Re: optimizer regression in eXist-2.2 and eXist-3.0.RC1

Jens Østergaard Petersen-2
Hi Ron,

I can corroborate what you report. Indirection is surely the way to go, so this is a considerable problem. Isn’t the case clear enough for raising a couple of issues?

Best,

Jens

On 4 January 2016 at 22:18:11, [hidden email] ([hidden email]) wrote:

Hi,

While I was trying to move an app from eXist-2.1 to a newer version, I've noticed a significant performance drop in eXist-2.2 and eXist-3.0.RC1. I've been able to isolate the issue: there seems to be a problem when nodes are first stored in variables, and those variables are queried later on. I'll illustrate with simplified sample queries below. The results are consistent in eXist-2.2 and eXist-3.0.RC1.
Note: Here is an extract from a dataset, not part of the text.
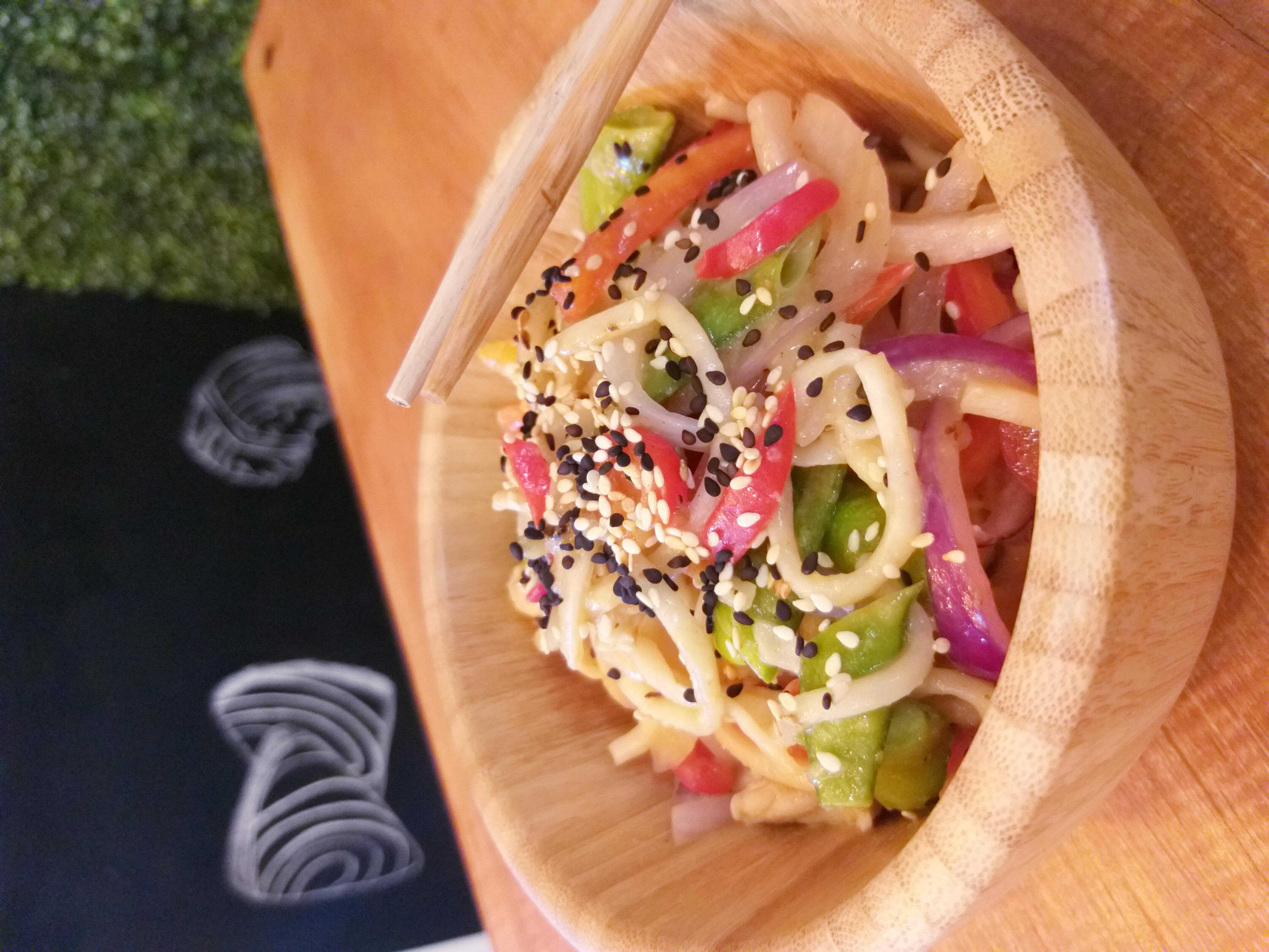 Arroz frito con verduras, res, pollo, camarón y soya.

This query (which can be run directly on the 'Demo Apps' collection) returns 419 results in under 0.020 sec. (according to eXide):
  let $a := //SPEECH[ft:query(., 'hamlet')]
  return $a
However, if the <SPEECH> nodes are first stored in a variable, which is subsequently queried, the same results are returned, but the query takes more than 2 sec.:
  let $a := //SPEECH
  return $a[ft:query(., 'hamlet')]
This seems to suggest that the optimizer does not optimize the latter query as well as the first one. Of course, these are small queries on small data sets, but real-life queries can slow down to a couple of minutes. Of course, there is a solution (express all queries as one-liners), but my app requires this level of indirection in order to compose complex queries.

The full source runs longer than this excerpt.